MOONWALKERS di Antoine Bardou-Jacquet #TFF33

Fermi tutti perchè MOONWALKERS è senza dubbio alcuno la commedia più folgorante del 2015. Potente, dissacrante, divertente, piena zeppa di situazioi e battute da rotolarsi sulla sedia. Antoine Bardou-Jacquet colpice in pieno il centro del bersaglio, centrando anche un cast che risulta perfetto.

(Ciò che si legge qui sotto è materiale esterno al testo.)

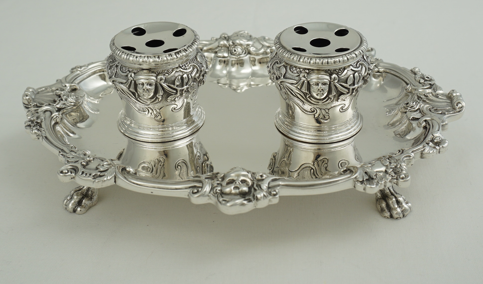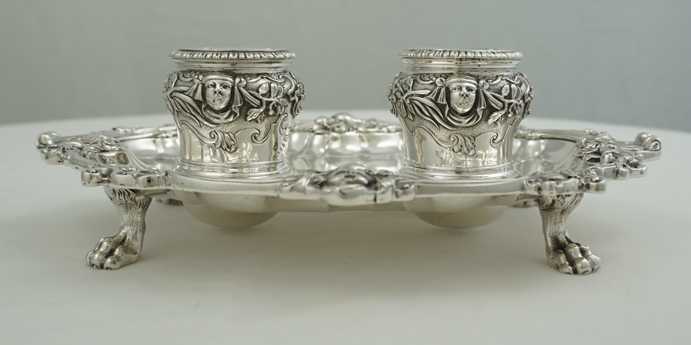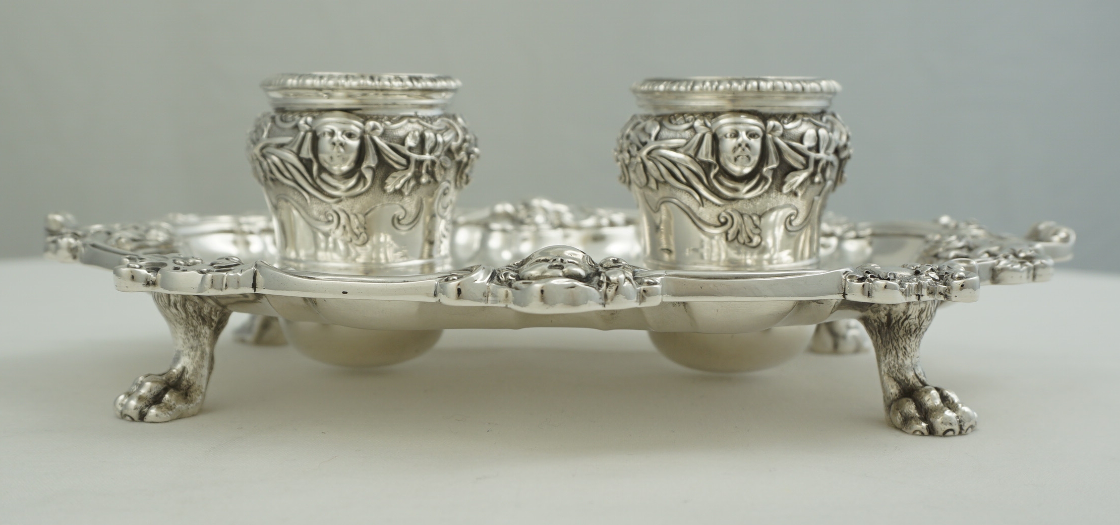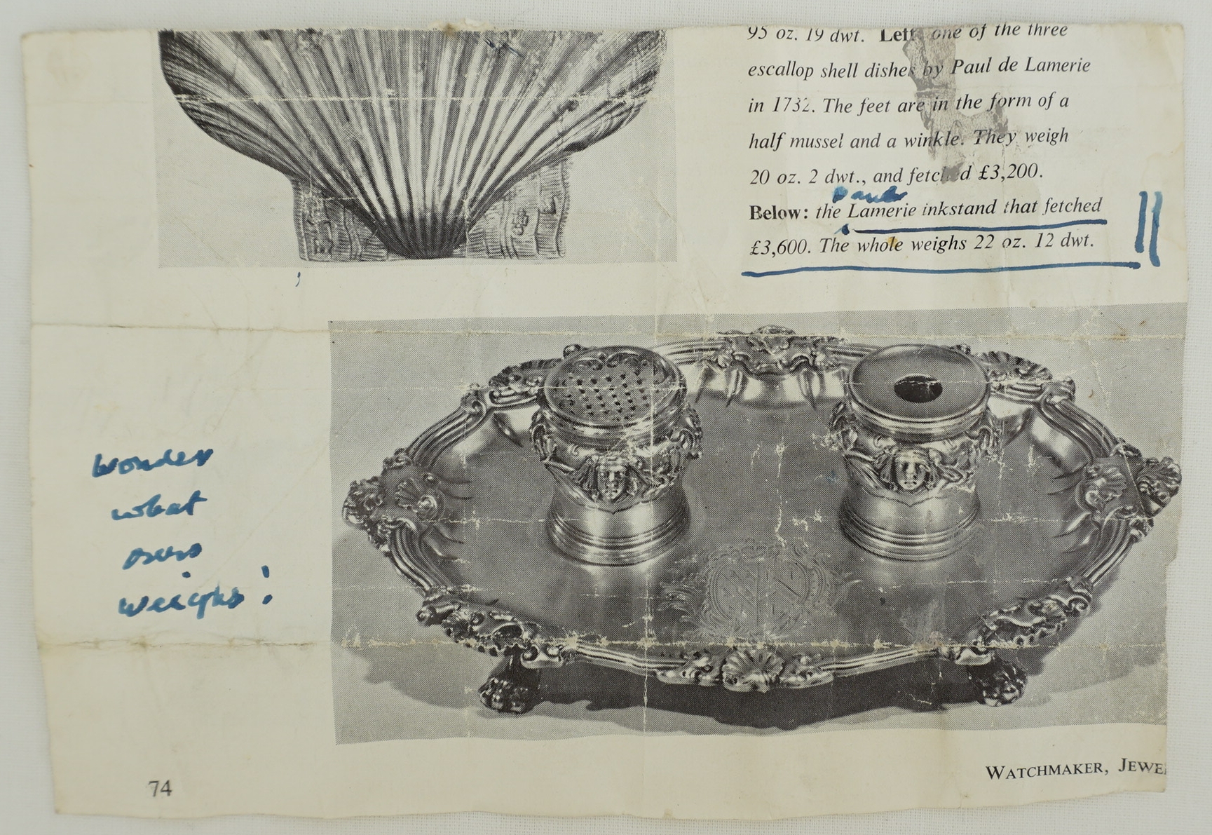 DESCRIPTION | Superb quality and significantly heavy antique English solid sterling silver reproduction of a rococo Paul de Lamerie inkstand from around 1741. There is an original at the V&A item no;0104037 Inkstand | Paul de Lamerie | V&A Explore The Collections. Another of the same weight as this example was sold at auction in 1960 for £3,600 (at the time a nice 3-bedroomed bungalow on the South Downs would have cost less). The magazine clipping is from May 1960. |

1969. Gli Stati Uniti sono pronti a mandare l’Apollo 11 sulla luna ma i test dicono che la missione ha poche probabilità di successo. Solo che non si può certo perdere la gara con l’URSS. E allora la Cia manda un reduce dal Vietnam in Inghilterra a parlare con Stanley Kubrick per convincerlo (con una valagna di soldi) a girare la scena dell’allunaggio, da tenere pronta in caso di necessità.

Qui però finisce in contatto con un agente casinista e truffatore, che si spaccia per l’agente di Kubrick, prende i soldi e scappa. La faccenda si complica, l’uomo della Cia lo rintraccia ma di mezzo c’è anche la mala locale. Insomma si troveranno a girare il film per uscirne vivi un gruppo di hippy sempre fatti, guidati da un regista fuori di testa.

Ne viene fuori un rutilante crogiuolo di situazioni esilaranti. Battute fulminanti, personaggi folli ed esagerati. Sui gioca con tutto, senza regole.

E dentro ci sono anche una serie di omaggi, da Tarantino a quelli espliciti, evidenti, dichiarati, allo stesso Kubrick. Centrato anche il cast da Rob Perlman (agente Cia ossessionato da allucinazioni di morti in Vietnam) a Rupert Grint a Robert Sheehan.